Acknowledgement of Patient Responsibility and EHR Disclosure

Patient Responsibility

I hereby acknowledge that I understand my benefits for services and materials, and that I am responsible for any balance on my account after my insurance has made payment.

Medical vs. Routine Examinations

I hereby acknowledge that if I am being seen for a medically-necessary reason (diabetes, macular degeneration, etc.) that my eye examination will be billed to my medical insurance. I understand that I am able to use my vision plan for any eyeglasses or contact lenses that I purchase from this office.

Deductibles and Co-Payments

I understand that I will be responsible for any deductibles that I have not yet met on my medical insurance. In addition, I understand that all co-payments are due at the time of service, and patients cannot be billed for co-payments.

Collections

I hereby acknowledge that any remaining balance is to be paid upon receipt of the first statement. In addition, I understand that if I do not make attempts to contact Miller Optometry, Inc. to setup payment arrangements on a delinquent balance that my account may be discussed and turned over to a collection agency.

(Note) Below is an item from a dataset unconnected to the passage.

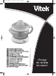 Vt-1612.qxd 16.11.04 12:46 Page 1 ENGLISH Citrus Juice Extractor Description 1. Dust protective cover (for storage) 2. Big cone attachment to extract maximum amount of juice from big fruits (grapefruit or orange). 3-4.Small cone attachment with scraper blades to squeeze juice from smaller fruits (lemon or lime); the scraper blades prevent pulp collection on the strainer and help to extract juice from pulp. 5. Strainer dish to keep the stones and chunks of pulp away from the juice. 6. 600 ml juice jug.

Electronic Health Records Disclosure

Miller Optometry, Inc. is proud to be utilizing Electronic Health Records in our office. This change allows for a higher quality of care to be provided to our patients. However, due to federal insurance regulations, every medical professional using Electronic Health Records is required to record their patient’s height and weight (self-provided) and blood pressure (may be taken in-office).

Agree with everything you see?

By signing in the box below, you hereby acknowledge that I am aware of the patient / financial responsibilities for Miller Optometry, Inc. You understand that you are able to request a copy of this policy, or discuss any questions you may have regarding the privacy notice with your provider.